___ Data ___
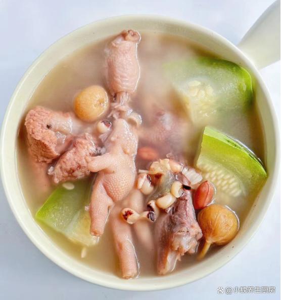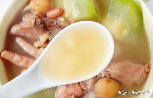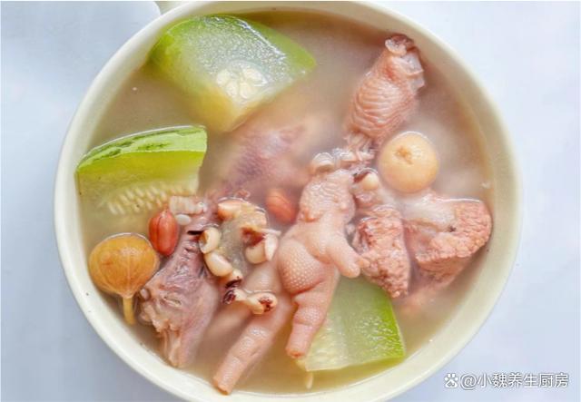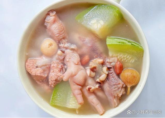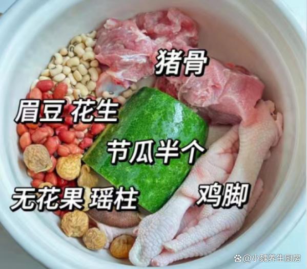 十月,是一個充滿變化和期待的季節,天氣慢慢開始降溫了,我們要開始穿上厚衣服,準備迎接秋冬季節的到來。而此時,一碗湯則成為人們不可或缺的能量來源,為身體提供足夠的熱量和營養,讓我們安然度過這個寒冷的季節。由于天氣變冷,我們身體的能量消耗加快,秋冬需要儲備很營養,許多長輩們要求我們適當“進補”,南方人喜歡煲湯來補身體,因為營養更容易消化,還可以增強人體的免疫力。今天分享一款南方人常喝的湯品——節瓜花生雞爪豬骨湯,這湯鮮掉眉毛,不僅可以溫暖身體,還可以為身體的健康打下堅實的基礎。“十月一碗湯,秋冬不會慌”,平常多喝這湯,補充營養順利過秋冬。  【節瓜花生雞爪豬骨湯的正確做法】 準備一些食材:選購節瓜(節瓜是一種很受歡迎的菜瓜,瓜肉含有大量的維生素和植物纖維,適合用來燉湯,低脂又健康,喝起來很鮮甜),雞爪100克左右(雞爪又叫鳳爪,可以做成鹵雞爪或煲湯,雞爪湯非常滋補,秋季一定要多喝它),花生米少許,無花果幾個,瑤柱45克左右,溫水少許,溫水1200毫升,新鮮豬骨250克左右,眉豆35克左右,若干根香蔥,料酒若干,蜜棗或紅棗幾個,半勺胡椒粉,食鹽和胡椒粉少許,其他。
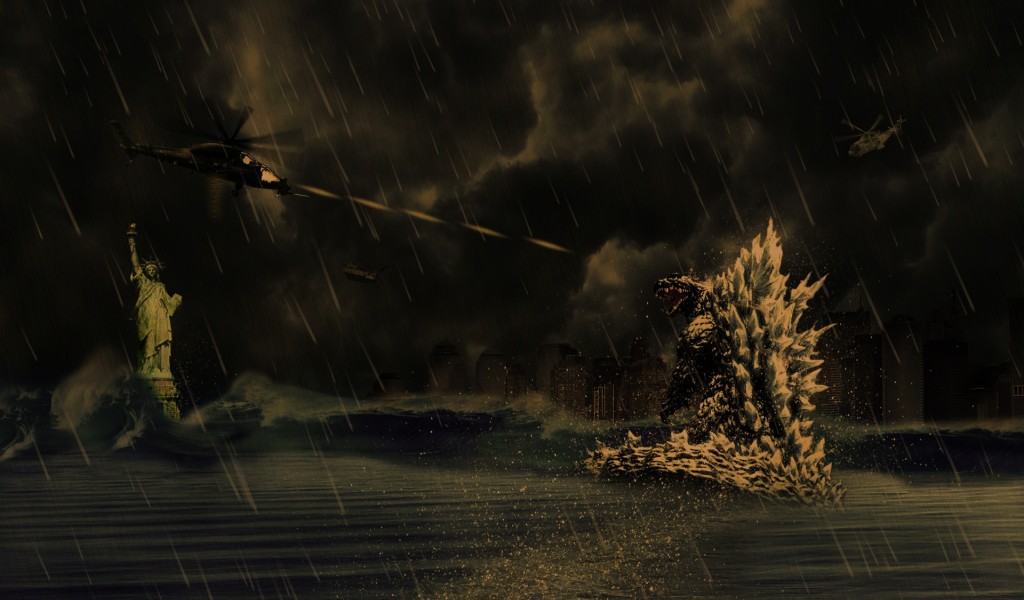 Godzilla Rises and Unleashes His Atomic Breath HD Wallpaper - 1024x600
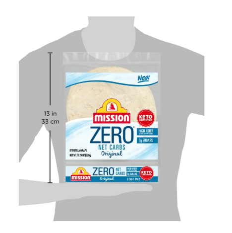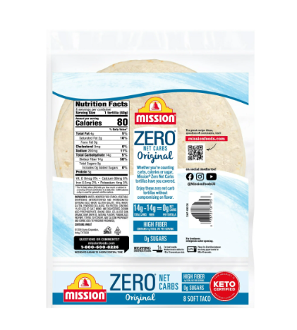 New Mission Zero Net Soft Taco size Tortillas have the super soft texture and great taste you want in a tortilla, but without all of the carbs you don't. Now in a larger size. You can feel good about using our tortillas in any of your homemade recipes because they contain 0g of net carbs and zero sugar per serving. Our zero net carb tortillas are also keto certified. Versatile enough for any low carb recipe, our tortillas help you feel balanced to the extreme. Try our tortillas filled with sliced turkey, sharp cheddar, and apple-arugula salad for an easy dinner everyone will love. Includes one 8ct package of Mission Zero Net Original Tortillas.
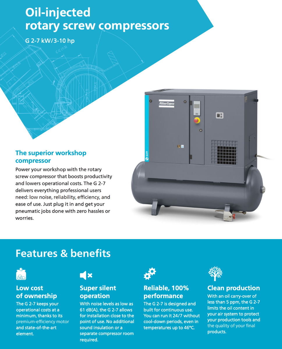 Atlas Copco G2-116T AP 208-230/460, 3 HP Rotary Screw Compressor World Latin America with 71 Gallon Air Tank, 13.1 CFM @ 116 PSI, 208-230/460 Volt, 3-Phase | 8152103792
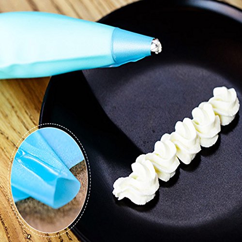 - Two 12'' reusable silicone pastry bags are support different color icing while decorating cakes or cupcakes. 2 Reusable plastic couplers are easy to switch quickly from one tip to another tip; 2 flower nails used as a decorative bottom bracket to decorate icing flower.
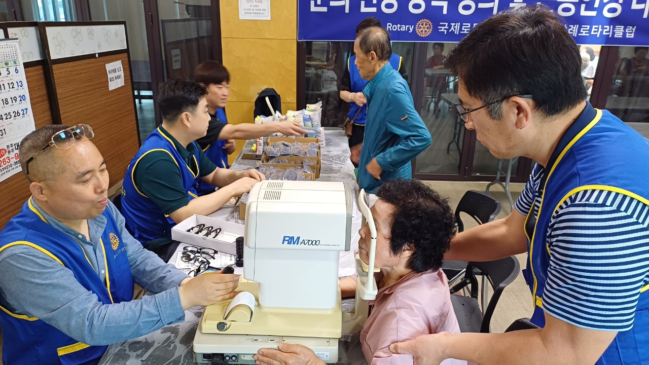 국제로타리3670지구 삼례로타리클럽(회장 김태형)은7월23일(화) 사단법인 대한노인회 완주군 지회(지회장 김영기)삼례읍소재 센스안경원(원장 오상영)과 공동 주관으로 완주군 노인대학 수강생을 대상으로 "눈의건강 상식과 노안"이라는주제로 강의와 수강생150명을선정하여 눈 건강을 위한 시력측정과 맞춤형 근용안경(돋보기)을 무료로 제공하는 "어르신 밝은 세상 안경 지원 사업"을 진행했다.
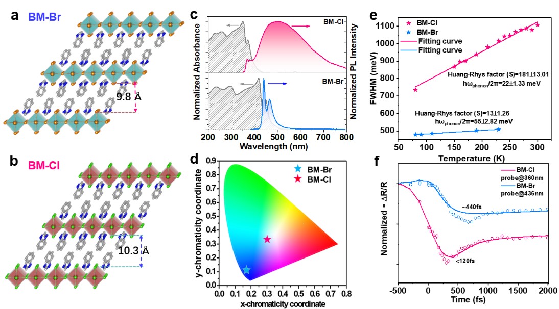 BM-Br晶體具有弱的電子-聲子耦合效應(yīng),其體現(xiàn)電子-聲子耦合強(qiáng)度的“黃-里斯(Huang?Rhys)”因子S="13,在室溫下產(chǎn)生深藍(lán)色的窄帶光致發(fā)光;而BM-Cl晶體在室溫下處呈現(xiàn)由于強(qiáng)電子-聲子耦合導(dǎo)致的STE寬帶白光發(fā)射,其S="181,這是目前所有塊體半導(dǎo)體材料中的最高值(圖 2)。因此,本工作揭示了鹵素對二維鈣鈦礦STE發(fā)射的內(nèi)在的調(diào)控機(jī)制:除了改變晶格形變勢能和自俘獲STE的勢能外,鹵素取代使BM-Cl晶體中電子-聲子耦合增強(qiáng)高達(dá)十倍,從而影響了STE的動力學(xué)。這為調(diào)控低維鈣鈦礦中的電子-聲子耦合強(qiáng)度提供了一個通用可行的新思路。
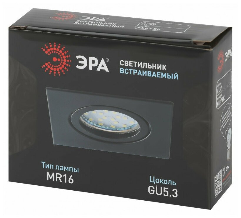 | Комплектация | Светильник встраиваемый ЭРА Luna MR16 с патроном GU5.3 черный |
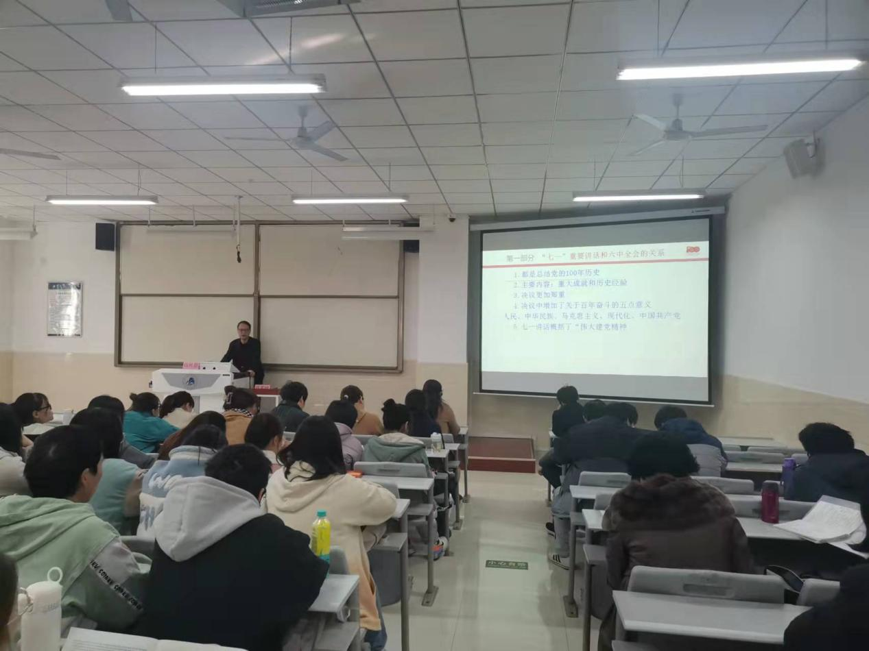 阎树群教授主要从三个部分介绍“七一”重要讲话和十九届六中全会精神:一、“七一”重要讲话和六中全会的关系;二、三个历史决议的关系;三、重大成就和历史经验。阎教授用幽默的语言、浅显易懂的历史故事、珍贵的图片资料,讲述了中华民族的奋斗史、分析了中国共产党带领中华民族取得胜利的重要意义和宝贵的历史经验。
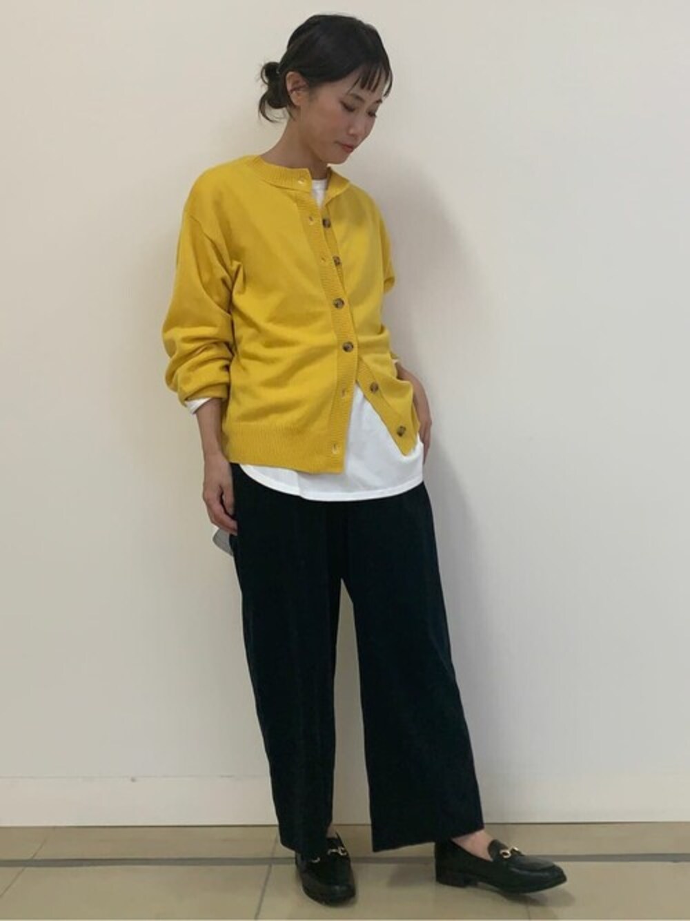 【 ソフトタッチプルオーバー 】 普段サイズ: S / 着用サイズ: M 前後で着られるニットは着回しが抜群です。 お袖や身幅は重ね着がしやすいように少しゆったりとしたサイズ感なので、 ブラウスやカットソーが楽に着て頂けます。 とってもきれいな色味なので、コーディネートのアクセントとしておススメです。 【 コットンロングプルオーバー 】 普段サイズ: S / 着用サイズ: M 前後差のあるカットソーなので、ワイドパンツにも細身のパンツにもどちらでも相性良くコーディネートできます。 長すぎない着丈なので、レイヤードスタイルも取り入れやすくなっています。 【 エアーコールパンツ 】 普段サイズ: S / 着用サイズ: S 柔らかく、とても軽い着心地です。 丈を少しスッキリと見えるようにサイドのボタンで調整をして短くしています。 生地が柔らかいので、広がり過ぎずバランス良くお召し頂けます。 【 オリジナルローファー 】 普段サイズ: 23.5 / 着用サイズ: 23.5 硬すぎないので、履きやすい履き心地です。 幅も細過ぎないの窮屈感がなく履いて頂けます。
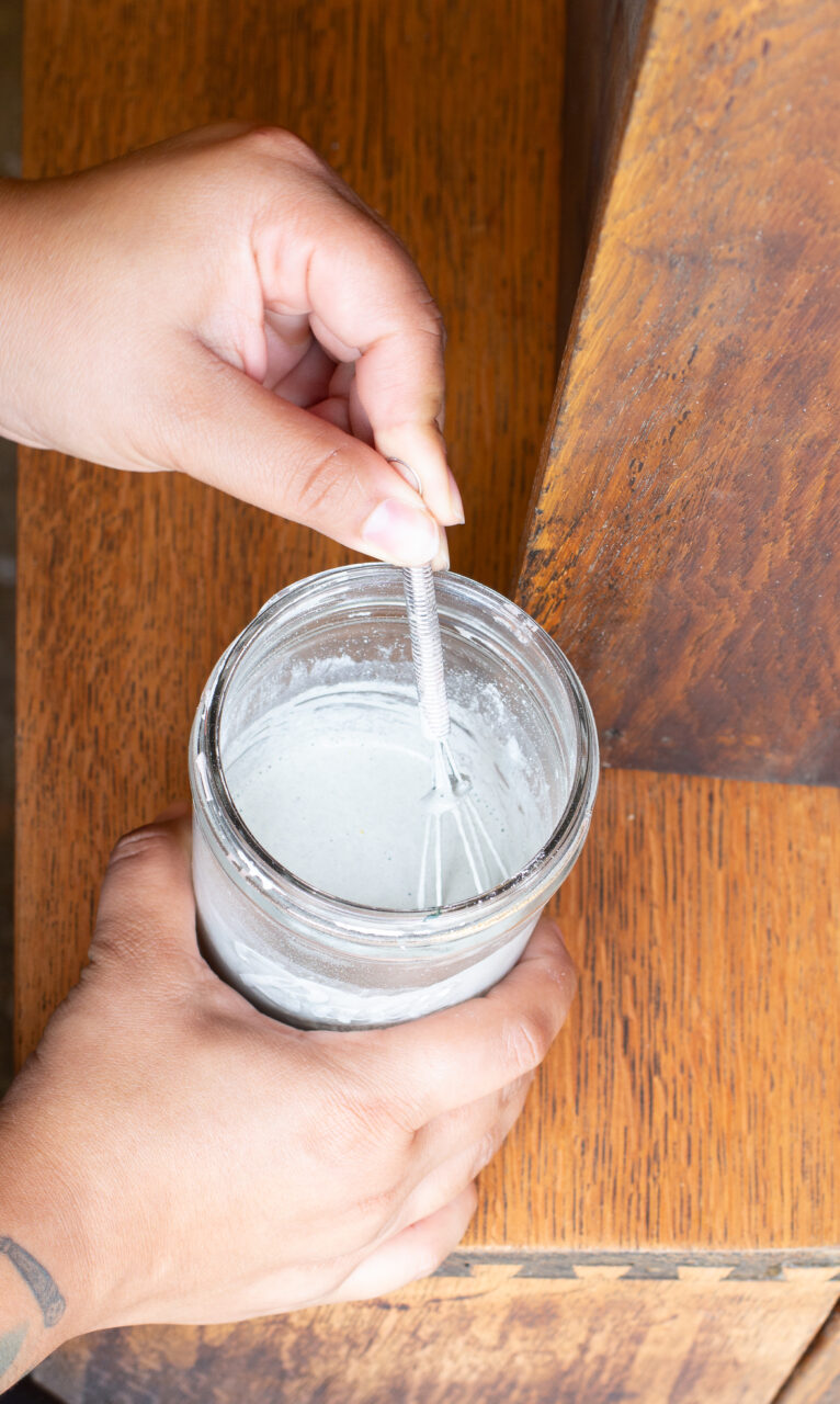 Next, we mixed up our milk paint. For this project, we wanted a soft, coastal-inspired colour with neutral tones, so we chose Bedford, a beautiful greige with subtle green undertones. To achieve full coverage, we mixed the paint slightly thicker than usual. A heavier consistency also encourages more natural crazing and crackling, which was exactly the look we were going for. We began with a 50/50 ratio of milk paint powder to water, then added an extra spoonful of powder to thicken it up. Using a mini whisk, we blended the mixture until the lumps broke down, then let it rest for a few minutes to allow the pigments to fully dissolve
___
* [Problem details] Give again, exactly as written above, each line from the one that has "Godzilla Rises and" to the one that has "국제로타리3670지구 삼례로타리클럽(회장 김태형)은7월23일(화)", both included; omit the pictures.

* [Result]
 Godzilla Rises and Unleashes His Atomic Breath HD Wallpaper - 1024x600
 New Mission Zero Net Soft Taco size Tortillas have the super soft texture and great taste you want in a tortilla, but without all of the carbs you don't. Now in a larger size. You can feel good about using our tortillas in any of your homemade recipes because they contain 0g of net carbs and zero sugar per serving. Our zero net carb tortillas are also keto certified. Versatile enough for any low carb recipe, our tortillas help you feel balanced to the extreme. Try our tortillas filled with sliced turkey, sharp cheddar, and apple-arugula salad for an easy dinner everyone will love. Includes one 8ct package of Mission Zero Net Original Tortillas.
 Atlas Copco G2-116T AP 208-230/460, 3 HP Rotary Screw Compressor World Latin America with 71 Gallon Air Tank, 13.1 CFM @ 116 PSI, 208-230/460 Volt, 3-Phase | 8152103792
 - Two 12'' reusable silicone pastry bags are support different color icing while decorating cakes or cupcakes. 2 Reusable plastic couplers are easy to switch quickly from one tip to another tip; 2 flower nails used as a decorative bottom bracket to decorate icing flower.
 국제로타리3670지구 삼례로타리클럽(회장 김태형)은7월23일(화) 사단법인 대한노인회 완주군 지회(지회장 김영기)삼례읍소재 센스안경원(원장 오상영)과 공동 주관으로 완주군 노인대학 수강생을 대상으로 "눈의건강 상식과 노안"이라는주제로 강의와 수강생150명을선정하여 눈 건강을 위한 시력측정과 맞춤형 근용안경(돋보기)을 무료로 제공하는 "어르신 밝은 세상 안경 지원 사업"을 진행했다.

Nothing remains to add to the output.